Sampling with kernelized Wasserstein gradient flows

This was part of Applied Optimal Transport

Anna Korba, ENSAE

Friday, May 20, 2022

Abstract:

Sampling from a probability distribution whose density is only known up to a normalisation constant is a fundamental problem in statistics and machine learning. Recently, several algorithms based on interactive particle systems were proposed for this task, as an alternative to Markov Chain Monte Carlo methods or Variational Inference. These particle systems can be designed by adopting an optimisation point of view for the sampling problem: an optimisation objective is chosen (which typically measures the dissimilarity to the target distribution), and its Wasserstein gradient flow is approximated by an interacting particle system.
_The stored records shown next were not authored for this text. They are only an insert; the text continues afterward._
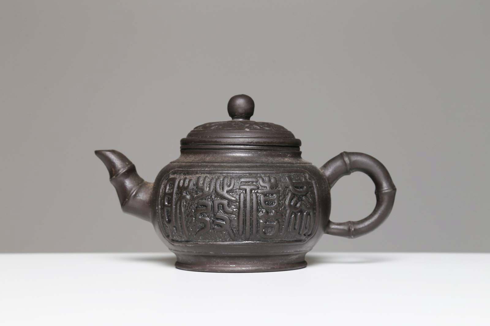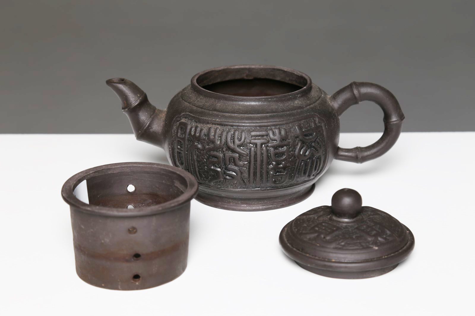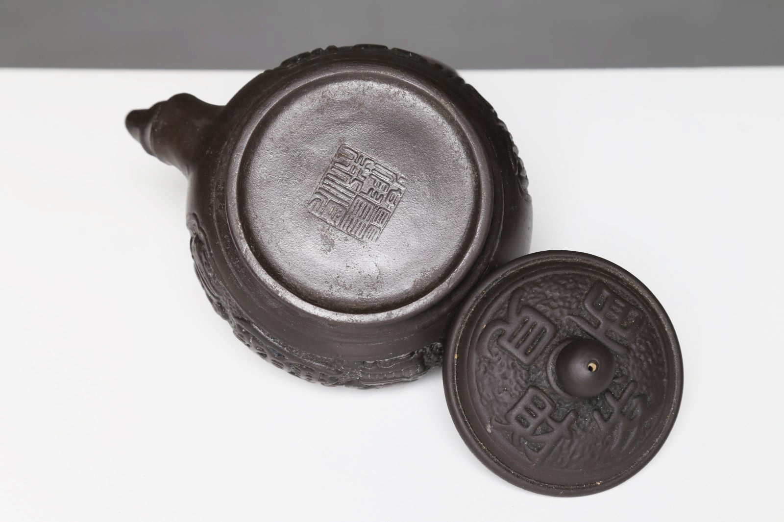 Arte Cinese Teiera Yixing in terracotta scura Cina, XX secolo. . Cm 14,00. Teiera in terracotta decorata con iscrizioni benaugurali relative ad abbondanza e ricchezza e bambini che giocano Presenta marchio sulla base.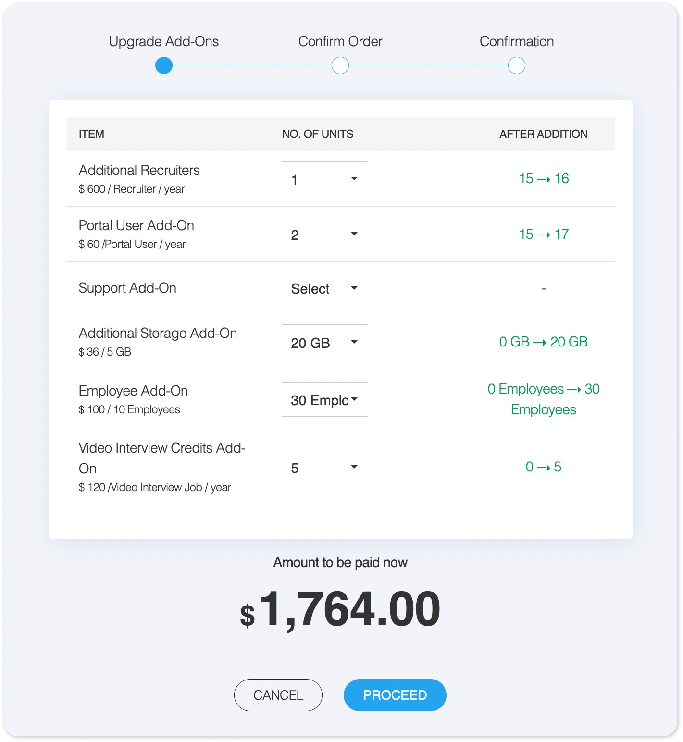 - Manage your Zoho Recruit subscriptions and confirm your subscription order.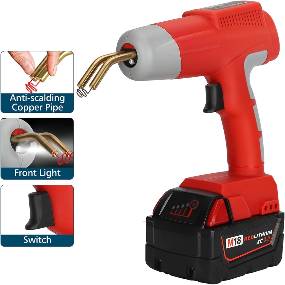【Humanized Design】1. When the battery voltage is lower than 15V, the low voltage protection function will be activated automatically. 2. Ergonomically designed rubber handles fit the palm of your hand, you won't feel fatigue when holding it for a long time, making your work more convenient, fast and easy. 3. The kit is equipped with LED lights, which allows you to work dark places such as under the car. 4. Brass holder to prevent your hands from getting burnt.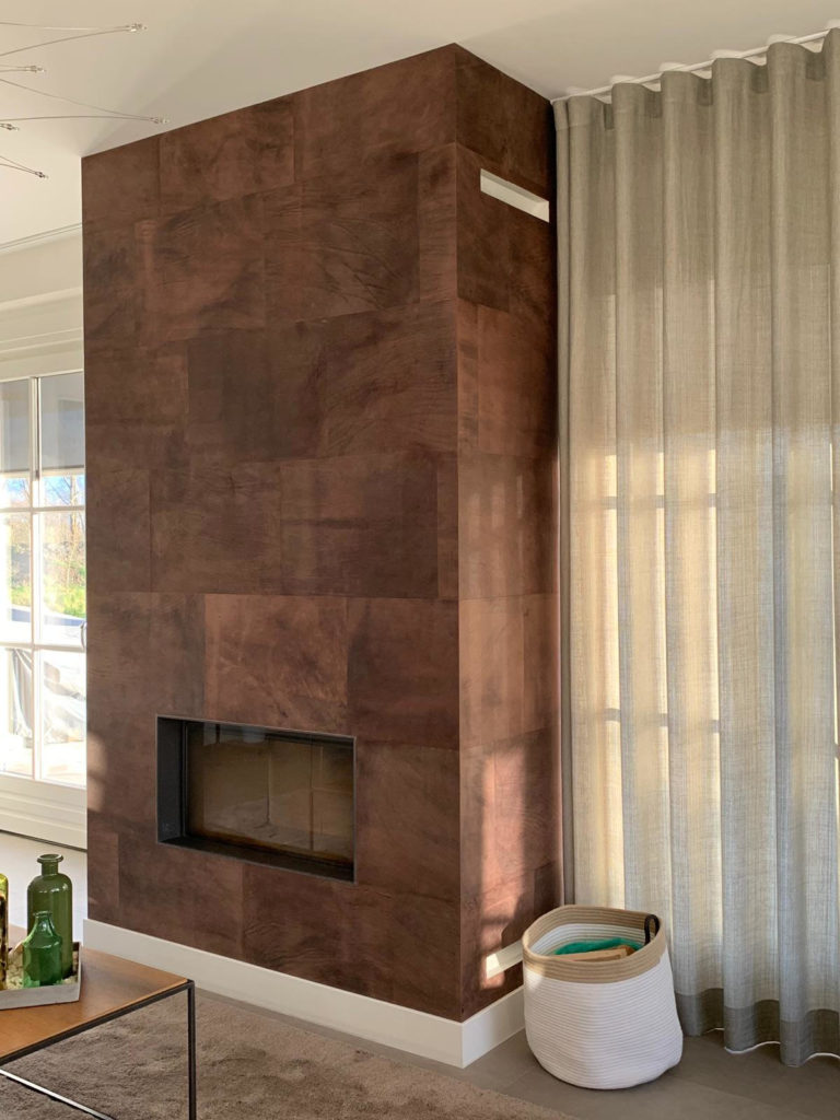 Bekleden van wanden van haarden, open haarden, gashaarden creëert een unieke eye-catcher in je living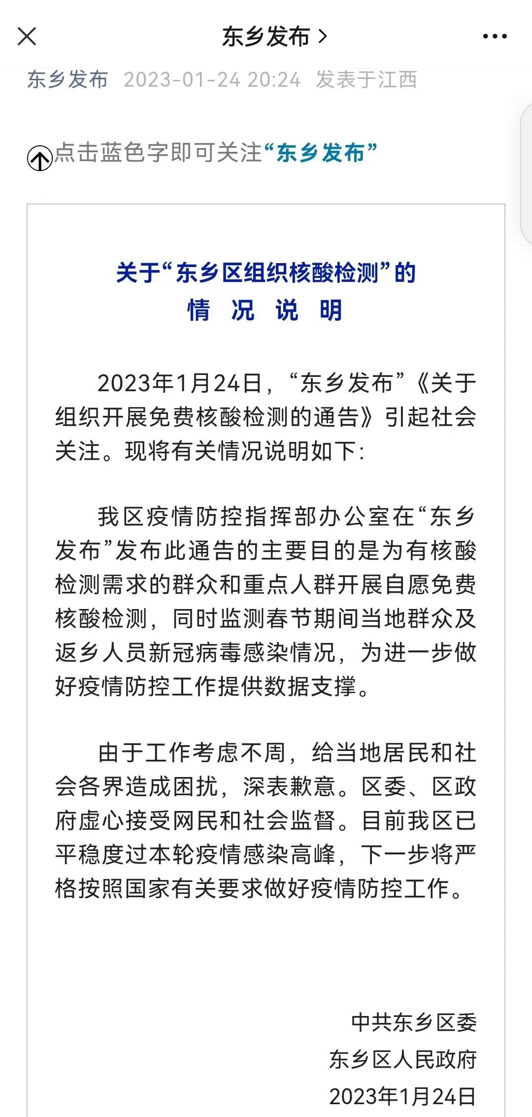 事情缘起于一条公众号推送。24日,公众号“东乡发布”推送了江西省抚州市东乡区新冠肺炎疫情防控应急指挥部办公室发布的一则《关于组织开展免费核酸检测的通告》。

At stationarity, the stationarity states of these particle systems define an empirical measure approximating the target distribution. In this talk I will present recent work on such algorithms, such as Stein Variational Gradient Descent [1] or Kernel Stein Discrepancy Descent [2], two algorithms based on Wasserstein gradient flows and reproducing kernels. I will discuss some recent results, that show that these particle systems can provide a good approximation of the target distribution; as well as current issues and open questions on the empirical and theoretical side.

[1] A non-asymptotic Analysis of Stein Variational Gradient Descent. Korba, A., Salim, A., Arbel, M., Luise, G., Gretton, A. Neural Information Processing Systems (Neurips), 2020

[2] Kernel Stein Discrepancy Descent. Korba, A., Aubin-Frankowski, P.C., Majewski, S., Ablin, P. International Conference of Machine Learning (ICML), 2021.